HGV2012: Leveraging Next-Generation Technology and Large Datasets to Advance Disease Research
Contract grant sponsors: NIH Training Grant (T32 GM007175); Fudan University; the National Natural Science Foundation of China (C060501);National Genome Research Institute (R13 HG003953); EU Project GEN2PHEN; University of Leicester; McLaughlin Centre at the University of Toronto; Affymetrix; Illumina; Macrogen; Agilent Technologies; BGI Tech Solutions; Wuxi Genome Center (WuXi AppTec); Genesky Biotechnologies; Complete Genomics; Life Technologies; eBiotrade.
Correspondence to: Nina Gonzaludo, University of California, San Francisco, Department of Bioengineering & Therapeutic Sciences, Cardiovascular Research Institute, 555 Mission Bay Blvd South, MC-3118, Room 282, San Francisco, California 94158. E-mail: Nina.Gonzaludo@ucsf.edu
The 13th International Meeting on Human Genome Variation and Complex Genome Analysis (HGV2012: Shanghai, China, 6th–8th September 2012) was a stimulating workshop where researchers from academia and industry explored the latest progress, challenges, and opportunities in genome variation research. Key themes included advancements in next-generation sequencing (NGS) technology, investigation of common and rare diseases, employing NGS in the clinic, utilizing large datasets that leverage biobanks and population-specific cohorts, and exploration of genomic features.
The 13th International Meeting on Human Genome Variation and Complex Genome Analysis (HGV2012) was held in Shanghai, China on 6–8 September 2012. Over the 3 days of the meeting, 34 multidisciplinary speakers shared their research in nine sessions (Box 1), interspersed among 100 poster presentations. HGV2012 was attended by 151 participants from 26 countries, with all participants presenting original work (a requirement for attending this meeting). HGV2012 was part of the series of meetings that began in 1998, then entitled “SNPs and Complex Genome Analysis,” in response to the emergence of great interest in SNP research. The first small meeting consisted of approximately 50 investigators who came together for a workshop-style brainstorming and debate in Skokloster, Sweden. Although the number of participants has expanded since then, this meeting maintains its collaborative workshop atmosphere. More information about the meeting, along with abstracts and a program, can be found on the meeting website (http://www.hgvmeeting.org/hgv2012/).

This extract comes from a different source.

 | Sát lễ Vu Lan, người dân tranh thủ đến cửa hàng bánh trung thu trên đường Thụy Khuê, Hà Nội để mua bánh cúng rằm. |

The availability of large datasets produced by next-generation technology has accelerated research on disease and clinical phenotypes. New technology has spurred the development of new methods, presented here, that are strongly impacting how researchers address and understand human health, population genetics, and genome characteristics including and beyond DNA sequence. As the price of next-generation sequencing (NGS) technology continues to drop, researchers are faced with an unprecedented opportunity to capture DNA variation in both larger and more specific populations. Results presented at HGV2012 show encouraging progress in the attempt to better understand disease susceptibility and genomic variation. At the same time, preliminary analyses of large datasets highlight the need to continuously question our assumptions and consider factors beyond the genome in our research.

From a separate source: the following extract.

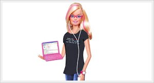 Mattel ha recentemente avviato la commercializzazione della nuova Barbie Computer Engineer una versione della famosa bambola nella quale troviamo a corredo un personal computer portatile, uno smartphone che ricorda molto Apple iPhone.

Advancements in NGS Technology
The DNA sequencing market continues to experience rapid growth, with an increasing number of platforms, service providers, and analysis pipelines available to researchers. New technologies allow for genomic measurements that are more accurate and have higher throughput, with all this being achieved at lower costs. One other key benefit from these advances in NGS technology is speed. For example, Peidong Shen described utilizing long padlock probes and an Illumina MiSeq to identify SNPs and copy number variants (CNVs) in 5,471 exons in 524 disease candidate genes. The process, which would have previously taken days or months to complete, was performed in 48 hr. Such improvements open up many possibilities for clinical genomic applications. In addition to technical advancements, significant progress has been made on methods to align sequencing reads and call variants. However, certain regions of the genome still present daunting challenges. Charles Cox presented work focused on the major histocompatibility complex region, which has been associated with many disease and adverse drug events. Given the structural diversity and highly polymorphic nature of HLA genes, Cox showed that NGS analysis pipelines systematically undercall variants in this region and proposed new strategies for more accurately genotyping this region using alterative reference sequences.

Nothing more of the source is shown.